▸ Task objective
Begin your copy at the line holding "Tại giải châu" and end it at the last line of the listing. Keep every line exact and leave out the pictures.

▸ Listed records
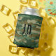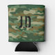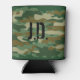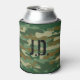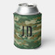 Monogrammed can cooler with army camouflage design. Hunting / military camo print with custom monogram initial letters on front and back. Double sided pattern personalised with name, letters or quote. Hunter green and black. Masculine gift idea for manly men; dad, father, uncle, son, grandpa etc. Vintage typography.
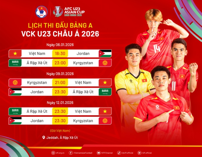 Tại giải châu Á, U23 Việt Nam sẽ lần lượt gặp Jordan (ngày 6/1), Kyrgyzstan (9/1) và chủ nhà Saudi Arabia (12/1).
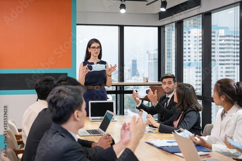Caucasian executive woman holding face mask with proposes a new company policy in the office during multiethnic meeting
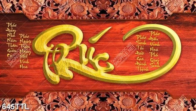 Tranh chữ Phúc dáp vàng trên nền gỗ gắn tường
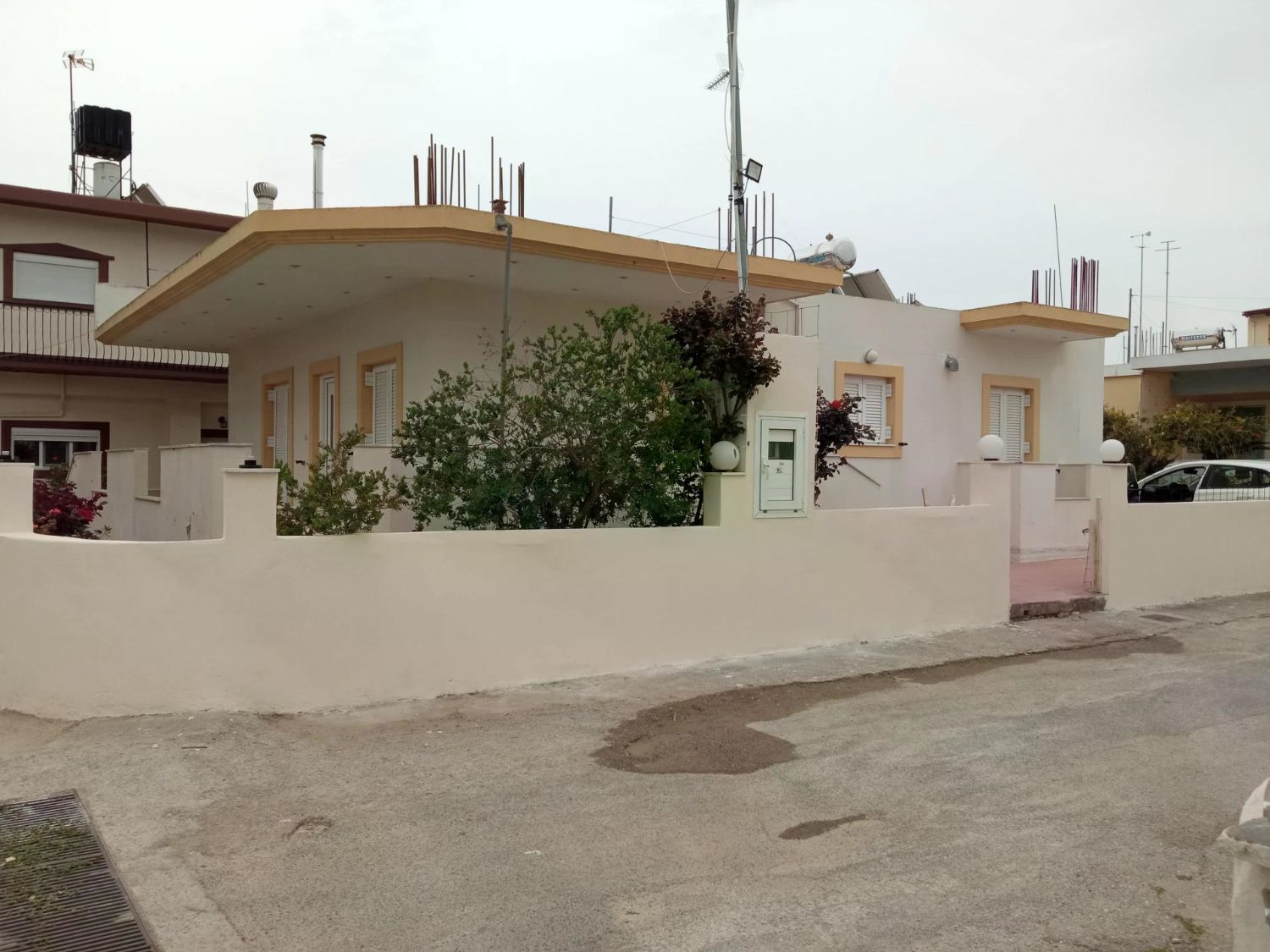 Unter dem Erdgeschoss verbirgt sich ein 43 m² großes Untergeschoss, das derzeit als geräumiger Lagerraum genutzt wird. Gefliest und frisch gestrichen, beherbergt es den Ölbrenner der Zentralheizung mit Heizkörpern – perfekt für milde Wintertage. Hier lagern Sie Werkzeug, Saisonkleidung oder Weinflaschen; mit etwas Fantasie wird daraus ein Home-Office, Fitnessraum oder Gästezimmer. Und die Restbaufläche von ca. 60 m² im ersten Stock? Ein Traum für Erweiterungen: Bauen Sie ein Master-Badroom, ein Büro mit Meerblick oder eine Dachterrasse – alle Genehmigungen sind vorhanden, die Baukosten überschaubar.

▸ Response
 Tại giải châu Á, U23 Việt Nam sẽ lần lượt gặp Jordan (ngày 6/1), Kyrgyzstan (9/1) và chủ nhà Saudi Arabia (12/1).
Caucasian executive woman holding face mask with proposes a new company policy in the office during multiethnic meeting
 Tranh chữ Phúc dáp vàng trên nền gỗ gắn tường
 Unter dem Erdgeschoss verbirgt sich ein 43 m² großes Untergeschoss, das derzeit als geräumiger Lagerraum genutzt wird. Gefliest und frisch gestrichen, beherbergt es den Ölbrenner der Zentralheizung mit Heizkörpern – perfekt für milde Wintertage. Hier lagern Sie Werkzeug, Saisonkleidung oder Weinflaschen; mit etwas Fantasie wird daraus ein Home-Office, Fitnessraum oder Gästezimmer. Und die Restbaufläche von ca. 60 m² im ersten Stock? Ein Traum für Erweiterungen: Bauen Sie ein Master-Badroom, ein Büro mit Meerblick oder eine Dachterrasse – alle Genehmigungen sind vorhanden, die Baukosten überschaubar.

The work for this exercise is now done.